EXERCISE OBJECTIVE
Every line below from the one containing "Happy new year" through the one containing "יודעת מה זו" is to be printed exactly, with the pictures omitted.

EXERCISE MATERIALS
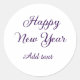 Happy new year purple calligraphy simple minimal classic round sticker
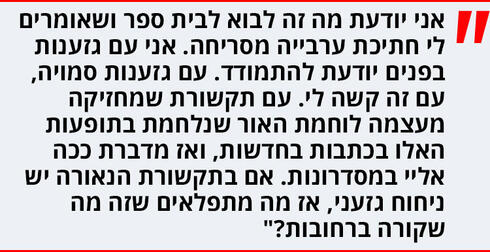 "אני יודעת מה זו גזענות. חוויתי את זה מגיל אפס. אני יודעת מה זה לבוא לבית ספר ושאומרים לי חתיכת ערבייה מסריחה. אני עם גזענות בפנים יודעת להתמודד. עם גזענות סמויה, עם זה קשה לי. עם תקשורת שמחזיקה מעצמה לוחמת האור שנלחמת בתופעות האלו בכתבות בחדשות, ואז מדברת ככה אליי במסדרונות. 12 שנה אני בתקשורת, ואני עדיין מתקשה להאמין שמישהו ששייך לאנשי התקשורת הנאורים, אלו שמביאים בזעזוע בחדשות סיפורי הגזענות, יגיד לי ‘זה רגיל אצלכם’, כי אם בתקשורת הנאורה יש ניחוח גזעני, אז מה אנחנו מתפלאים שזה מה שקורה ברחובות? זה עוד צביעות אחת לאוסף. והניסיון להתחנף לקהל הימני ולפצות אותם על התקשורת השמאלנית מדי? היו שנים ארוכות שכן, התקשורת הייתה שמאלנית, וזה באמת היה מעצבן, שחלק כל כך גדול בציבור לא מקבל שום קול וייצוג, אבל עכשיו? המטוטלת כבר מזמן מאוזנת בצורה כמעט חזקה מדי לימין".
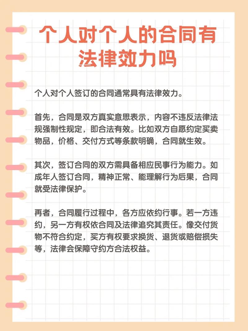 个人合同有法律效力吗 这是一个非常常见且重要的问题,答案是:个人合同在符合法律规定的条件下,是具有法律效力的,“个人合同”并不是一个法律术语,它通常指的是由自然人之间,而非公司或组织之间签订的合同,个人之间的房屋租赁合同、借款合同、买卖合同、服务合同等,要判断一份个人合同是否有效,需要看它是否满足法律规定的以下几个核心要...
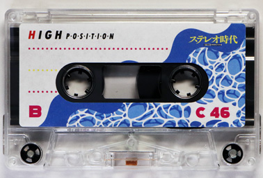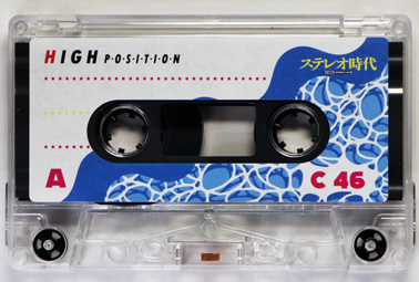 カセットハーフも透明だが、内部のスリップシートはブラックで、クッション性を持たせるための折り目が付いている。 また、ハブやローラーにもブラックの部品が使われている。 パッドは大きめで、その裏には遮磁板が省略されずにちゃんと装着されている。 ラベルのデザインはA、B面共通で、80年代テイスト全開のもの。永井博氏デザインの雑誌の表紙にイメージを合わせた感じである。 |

* * *

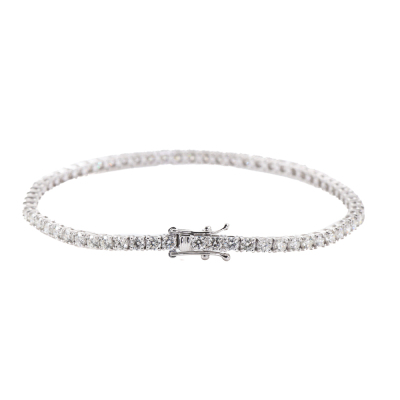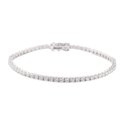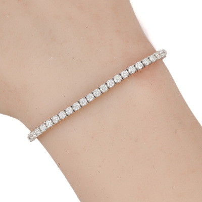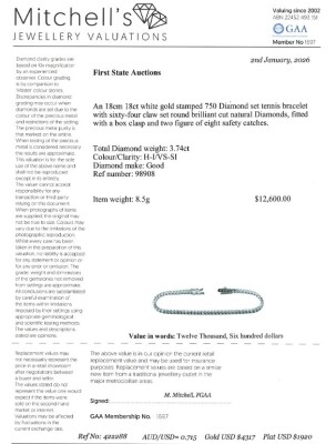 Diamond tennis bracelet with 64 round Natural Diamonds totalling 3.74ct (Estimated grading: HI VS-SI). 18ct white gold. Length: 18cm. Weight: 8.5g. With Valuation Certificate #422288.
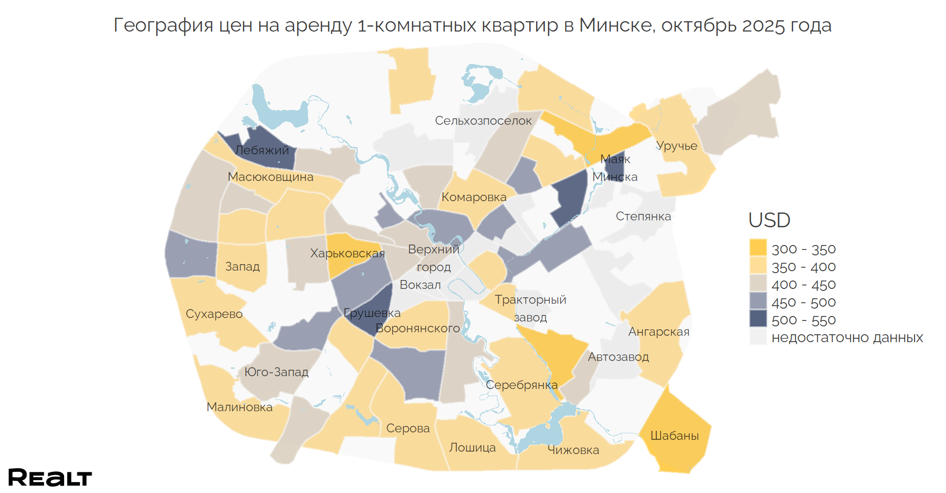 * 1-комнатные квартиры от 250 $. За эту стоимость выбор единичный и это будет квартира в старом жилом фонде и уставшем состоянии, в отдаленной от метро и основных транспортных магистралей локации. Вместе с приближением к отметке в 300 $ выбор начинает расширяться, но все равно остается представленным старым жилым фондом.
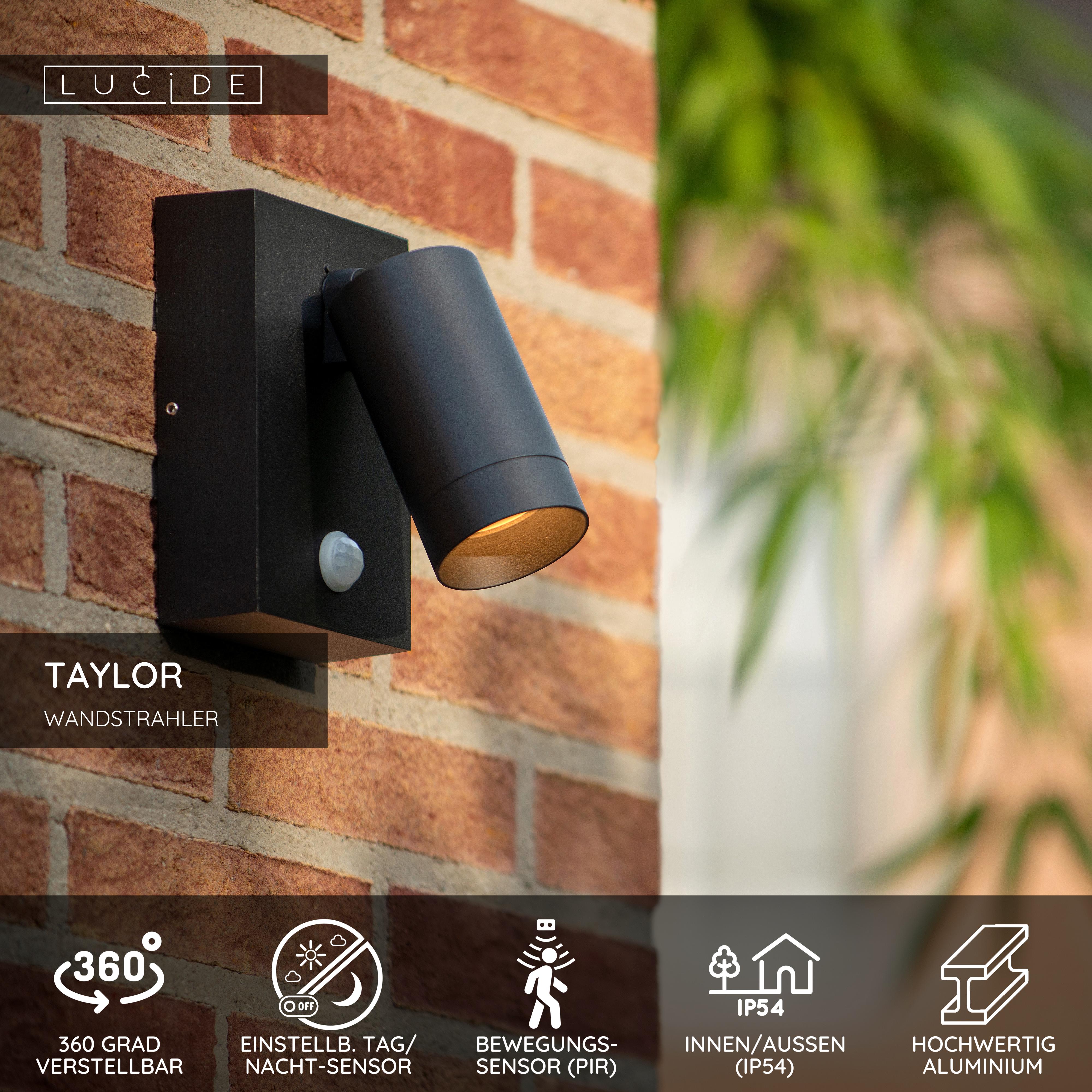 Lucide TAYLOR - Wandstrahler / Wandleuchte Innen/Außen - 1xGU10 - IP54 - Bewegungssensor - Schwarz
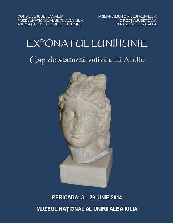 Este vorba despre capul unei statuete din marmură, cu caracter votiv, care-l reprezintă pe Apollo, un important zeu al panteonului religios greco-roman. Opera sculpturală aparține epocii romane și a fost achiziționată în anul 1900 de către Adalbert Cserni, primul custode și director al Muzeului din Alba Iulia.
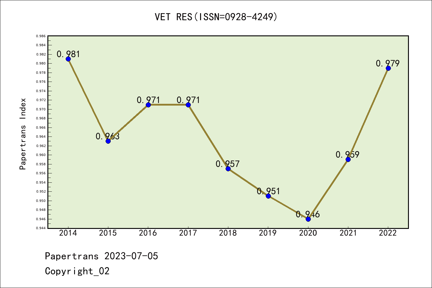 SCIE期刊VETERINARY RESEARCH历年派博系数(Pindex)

ANSWER SECTION
 Happy new year purple calligraphy simple minimal classic round sticker
 "אני יודעת מה זו גזענות. חוויתי את זה מגיל אפס. אני יודעת מה זה לבוא לבית ספר ושאומרים לי חתיכת ערבייה מסריחה. אני עם גזענות בפנים יודעת להתמודד. עם גזענות סמויה, עם זה קשה לי. עם תקשורת שמחזיקה מעצמה לוחמת האור שנלחמת בתופעות האלו בכתבות בחדשות, ואז מדברת ככה אליי במסדרונות. 12 שנה אני בתקשורת, ואני עדיין מתקשה להאמין שמישהו ששייך לאנשי התקשורת הנאורים, אלו שמביאים בזעזוע בחדשות סיפורי הגזענות, יגיד לי ‘זה רגיל אצלכם’, כי אם בתקשורת הנאורה יש ניחוח גזעני, אז מה אנחנו מתפלאים שזה מה שקורה ברחובות? זה עוד צביעות אחת לאוסף. והניסיון להתחנף לקהל הימני ולפצות אותם על התקשורת השמאלנית מדי? היו שנים ארוכות שכן, התקשורת הייתה שמאלנית, וזה באמת היה מעצבן, שחלק כל כך גדול בציבור לא מקבל שום קול וייצוג, אבל עכשיו? המטוטלת כבר מזמן מאוזנת בצורה כמעט חזקה מדי לימין".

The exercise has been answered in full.